- _Work instruction_: For the listing below, print exactly the lines from the line with "W jamalskiej tundrze, w" to the line with "Posiadamy również gotowe", both included, and nothing beyond them.

- _Data for this task_:
+--
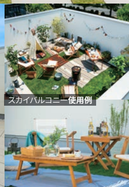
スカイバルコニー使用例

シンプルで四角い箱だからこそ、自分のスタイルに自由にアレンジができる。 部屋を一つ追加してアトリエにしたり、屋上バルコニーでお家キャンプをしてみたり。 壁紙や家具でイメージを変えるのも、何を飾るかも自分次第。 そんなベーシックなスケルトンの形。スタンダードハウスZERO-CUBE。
+--
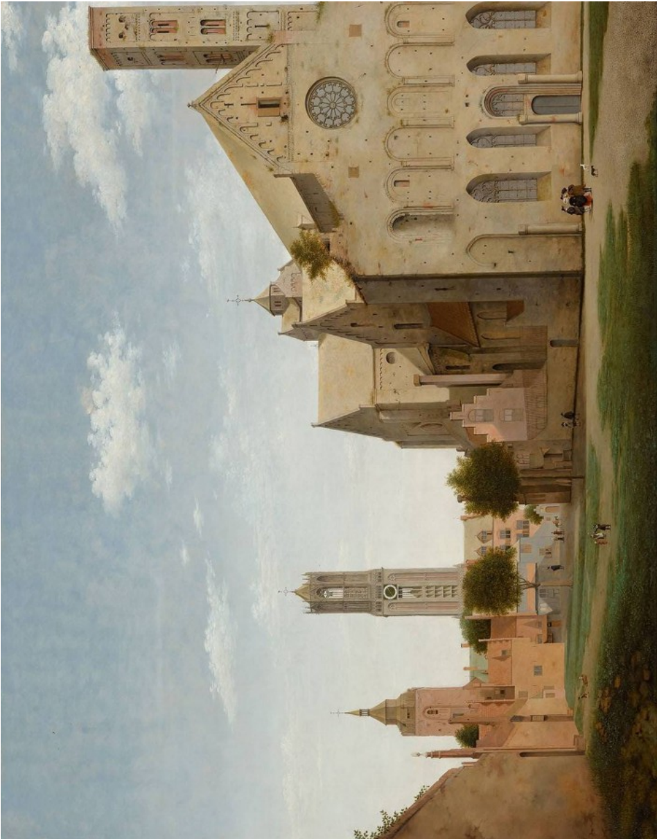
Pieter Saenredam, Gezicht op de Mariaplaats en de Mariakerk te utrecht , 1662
+--
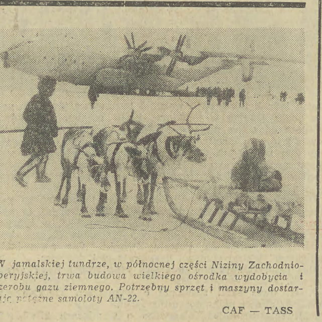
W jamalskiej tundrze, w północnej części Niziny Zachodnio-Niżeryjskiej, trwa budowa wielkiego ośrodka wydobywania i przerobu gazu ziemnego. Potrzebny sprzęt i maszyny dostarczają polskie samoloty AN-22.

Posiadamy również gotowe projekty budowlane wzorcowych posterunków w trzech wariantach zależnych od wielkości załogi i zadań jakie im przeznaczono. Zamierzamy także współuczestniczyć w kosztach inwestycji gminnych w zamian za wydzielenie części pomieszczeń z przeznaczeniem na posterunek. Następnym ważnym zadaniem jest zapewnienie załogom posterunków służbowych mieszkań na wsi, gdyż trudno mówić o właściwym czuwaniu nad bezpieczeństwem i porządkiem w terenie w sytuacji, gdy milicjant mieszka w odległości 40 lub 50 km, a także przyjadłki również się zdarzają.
+--
- _Exercise solution_:
W jamalskiej tundrze, w północnej części Niziny Zachodnio-Niżeryjskiej, trwa budowa wielkiego ośrodka wydobywania i przerobu gazu ziemnego. Potrzebny sprzęt i maszyny dostarczają polskie samoloty AN-22.

Posiadamy również gotowe projekty budowlane wzorcowych posterunków w trzech wariantach zależnych od wielkości załogi i zadań jakie im przeznaczono. Zamierzamy także współuczestniczyć w kosztach inwestycji gminnych w zamian za wydzielenie części pomieszczeń z przeznaczeniem na posterunek. Następnym ważnym zadaniem jest zapewnienie załogom posterunków służbowych mieszkań na wsi, gdyż trudno mówić o właściwym czuwaniu nad bezpieczeństwem i porządkiem w terenie w sytuacji, gdy milicjant mieszka w odległości 40 lub 50 km, a także przyjadłki również się zdarzają.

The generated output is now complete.